Your task is to give the listing below back word for word, pictures excluded.
^^^^
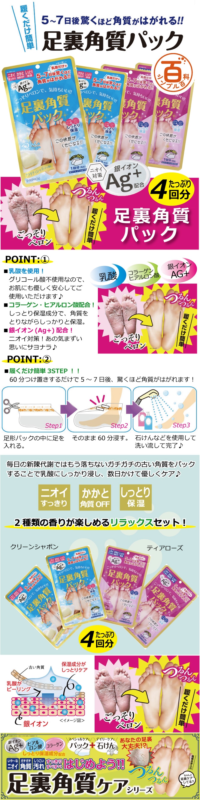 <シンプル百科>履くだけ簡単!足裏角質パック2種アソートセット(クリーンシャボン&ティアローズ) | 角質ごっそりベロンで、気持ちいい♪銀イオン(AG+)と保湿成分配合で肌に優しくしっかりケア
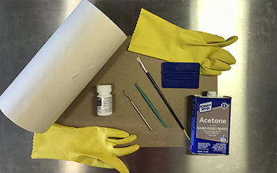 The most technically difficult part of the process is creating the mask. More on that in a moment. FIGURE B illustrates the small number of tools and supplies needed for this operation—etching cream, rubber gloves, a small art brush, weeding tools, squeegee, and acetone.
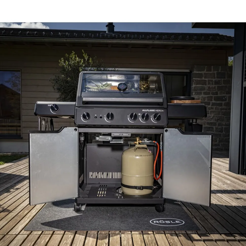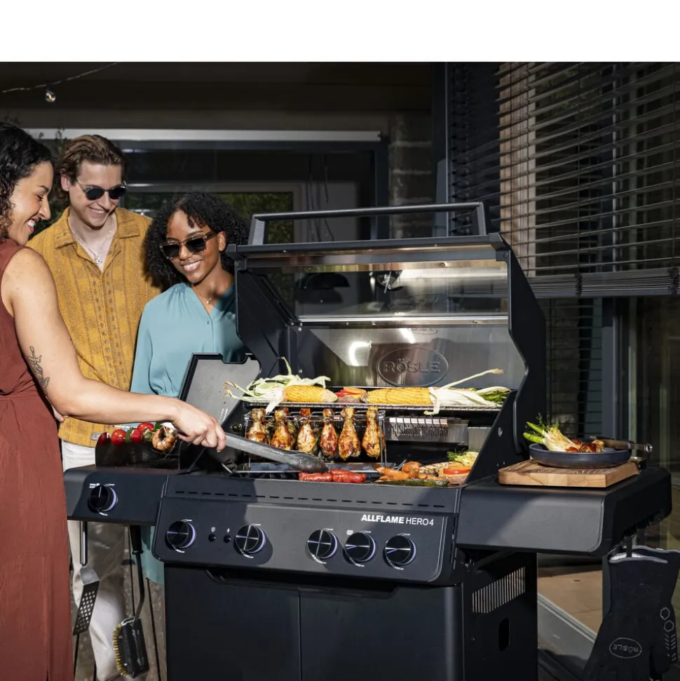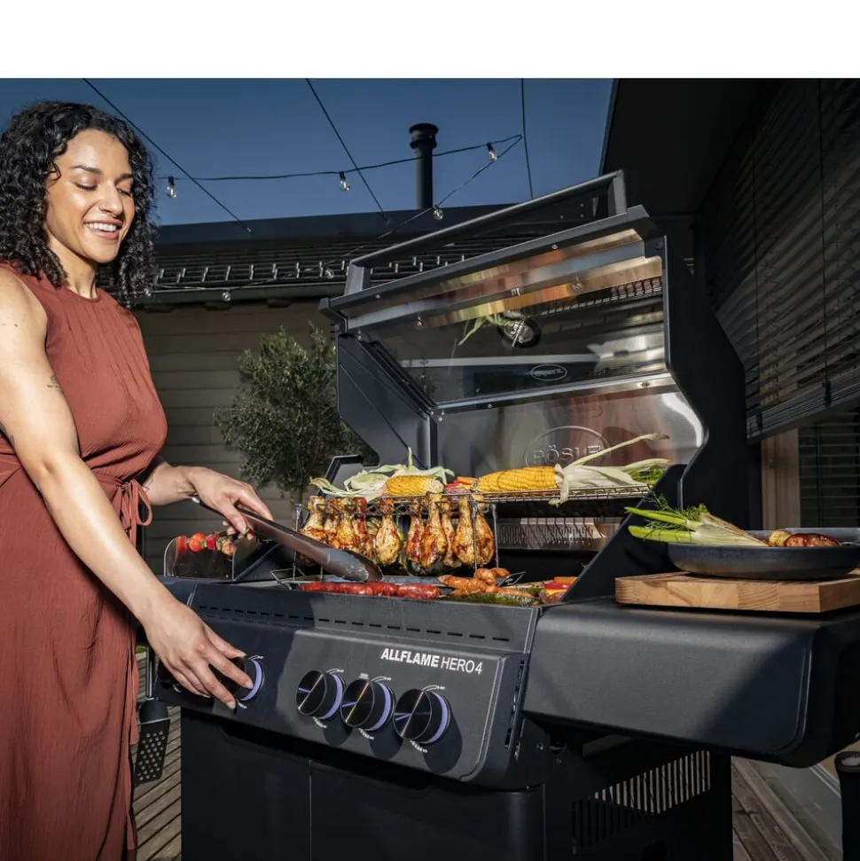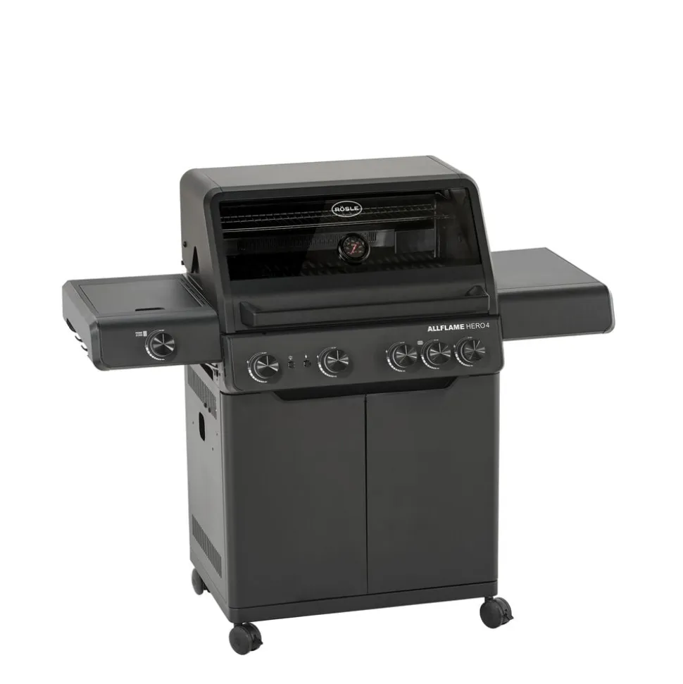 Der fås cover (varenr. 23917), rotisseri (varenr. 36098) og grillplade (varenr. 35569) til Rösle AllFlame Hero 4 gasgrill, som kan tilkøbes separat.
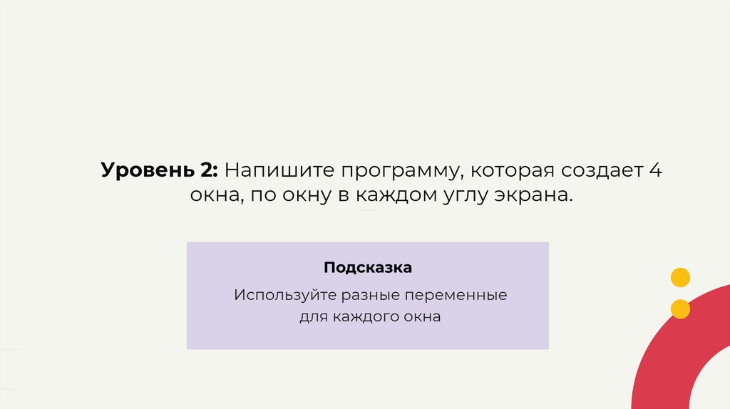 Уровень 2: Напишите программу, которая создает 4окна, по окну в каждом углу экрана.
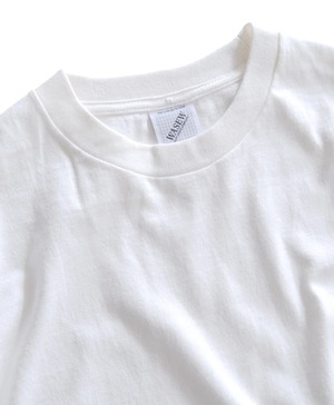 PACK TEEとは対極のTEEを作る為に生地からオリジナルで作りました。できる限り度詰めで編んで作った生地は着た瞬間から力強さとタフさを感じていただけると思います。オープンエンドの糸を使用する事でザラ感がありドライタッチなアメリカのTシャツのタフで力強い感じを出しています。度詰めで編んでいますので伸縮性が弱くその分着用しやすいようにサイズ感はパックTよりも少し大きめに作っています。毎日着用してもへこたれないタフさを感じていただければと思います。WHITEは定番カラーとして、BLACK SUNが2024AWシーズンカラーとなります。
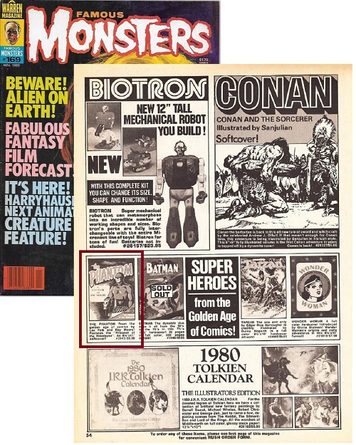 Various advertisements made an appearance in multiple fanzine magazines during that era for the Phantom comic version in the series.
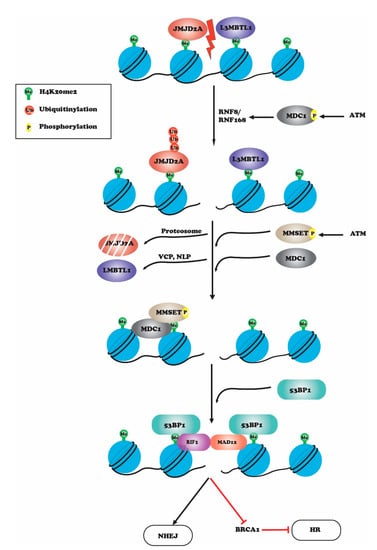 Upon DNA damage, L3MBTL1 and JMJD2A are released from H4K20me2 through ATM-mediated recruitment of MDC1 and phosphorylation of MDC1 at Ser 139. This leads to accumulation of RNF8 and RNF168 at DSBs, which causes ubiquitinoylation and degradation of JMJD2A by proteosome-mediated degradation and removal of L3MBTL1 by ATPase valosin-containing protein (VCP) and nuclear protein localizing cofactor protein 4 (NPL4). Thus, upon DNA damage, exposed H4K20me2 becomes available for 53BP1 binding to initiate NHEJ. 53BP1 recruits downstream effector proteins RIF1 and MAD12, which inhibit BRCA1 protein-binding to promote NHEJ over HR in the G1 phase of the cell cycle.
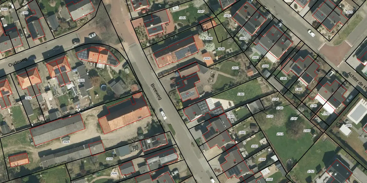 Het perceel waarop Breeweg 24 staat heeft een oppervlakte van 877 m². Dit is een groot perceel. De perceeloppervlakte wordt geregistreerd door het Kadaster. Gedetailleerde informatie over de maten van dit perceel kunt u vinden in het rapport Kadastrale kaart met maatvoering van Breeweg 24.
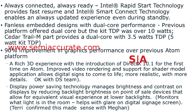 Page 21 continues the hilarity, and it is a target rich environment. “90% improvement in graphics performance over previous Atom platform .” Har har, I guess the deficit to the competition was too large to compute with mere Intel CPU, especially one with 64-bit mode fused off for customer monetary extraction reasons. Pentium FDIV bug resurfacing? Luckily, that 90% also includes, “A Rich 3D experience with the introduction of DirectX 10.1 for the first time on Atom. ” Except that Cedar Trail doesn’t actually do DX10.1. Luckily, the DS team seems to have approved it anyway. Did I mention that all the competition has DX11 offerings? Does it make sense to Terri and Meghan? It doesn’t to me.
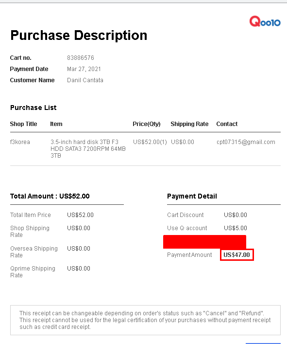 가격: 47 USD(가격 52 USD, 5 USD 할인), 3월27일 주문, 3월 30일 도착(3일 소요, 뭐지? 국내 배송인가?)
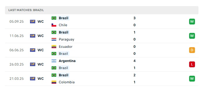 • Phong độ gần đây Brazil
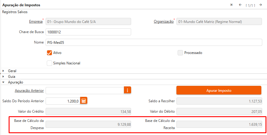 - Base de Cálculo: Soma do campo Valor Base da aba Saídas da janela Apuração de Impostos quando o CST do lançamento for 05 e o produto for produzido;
^^^^
● **Result of this task**:
 <シンプル百科>履くだけ簡単!足裏角質パック2種アソートセット(クリーンシャボン&ティアローズ) | 角質ごっそりベロンで、気持ちいい♪銀イオン(AG+)と保湿成分配合で肌に優しくしっかりケア
 The most technically difficult part of the process is creating the mask. More on that in a moment. FIGURE B illustrates the small number of tools and supplies needed for this operation—etching cream, rubber gloves, a small art brush, weeding tools, squeegee, and acetone.
 Der fås cover (varenr. 23917), rotisseri (varenr. 36098) og grillplade (varenr. 35569) til Rösle AllFlame Hero 4 gasgrill, som kan tilkøbes separat.
 Уровень 2: Напишите программу, которая создает 4окна, по окну в каждом углу экрана.
 PACK TEEとは対極のTEEを作る為に生地からオリジナルで作りました。できる限り度詰めで編んで作った生地は着た瞬間から力強さとタフさを感じていただけると思います。オープンエンドの糸を使用する事でザラ感がありドライタッチなアメリカのTシャツのタフで力強い感じを出しています。度詰めで編んでいますので伸縮性が弱くその分着用しやすいようにサイズ感はパックTよりも少し大きめに作っています。毎日着用してもへこたれないタフさを感じていただければと思います。WHITEは定番カラーとして、BLACK SUNが2024AWシーズンカラーとなります。
 Various advertisements made an appearance in multiple fanzine magazines during that era for the Phantom comic version in the series.
 Upon DNA damage, L3MBTL1 and JMJD2A are released from H4K20me2 through ATM-mediated recruitment of MDC1 and phosphorylation of MDC1 at Ser 139. This leads to accumulation of RNF8 and RNF168 at DSBs, which causes ubiquitinoylation and degradation of JMJD2A by proteosome-mediated degradation and removal of L3MBTL1 by ATPase valosin-containing protein (VCP) and nuclear protein localizing cofactor protein 4 (NPL4). Thus, upon DNA damage, exposed H4K20me2 becomes available for 53BP1 binding to initiate NHEJ. 53BP1 recruits downstream effector proteins RIF1 and MAD12, which inhibit BRCA1 protein-binding to promote NHEJ over HR in the G1 phase of the cell cycle.
 Het perceel waarop Breeweg 24 staat heeft een oppervlakte van 877 m². Dit is een groot perceel. De perceeloppervlakte wordt geregistreerd door het Kadaster. Gedetailleerde informatie over de maten van dit perceel kunt u vinden in het rapport Kadastrale kaart met maatvoering van Breeweg 24.
 Page 21 continues the hilarity, and it is a target rich environment. “90% improvement in graphics performance over previous Atom platform .” Har har, I guess the deficit to the competition was too large to compute with mere Intel CPU, especially one with 64-bit mode fused off for customer monetary extraction reasons. Pentium FDIV bug resurfacing? Luckily, that 90% also includes, “A Rich 3D experience with the introduction of DirectX 10.1 for the first time on Atom. ” Except that Cedar Trail doesn’t actually do DX10.1. Luckily, the DS team seems to have approved it anyway. Did I mention that all the competition has DX11 offerings? Does it make sense to Terri and Meghan? It doesn’t to me.
 가격: 47 USD(가격 52 USD, 5 USD 할인), 3월27일 주문, 3월 30일 도착(3일 소요, 뭐지? 국내 배송인가?)
 • Phong độ gần đây Brazil
 - Base de Cálculo: Soma do campo Valor Base da aba Saídas da janela Apuração de Impostos quando o CST do lançamento for 05 e o produto for produzido;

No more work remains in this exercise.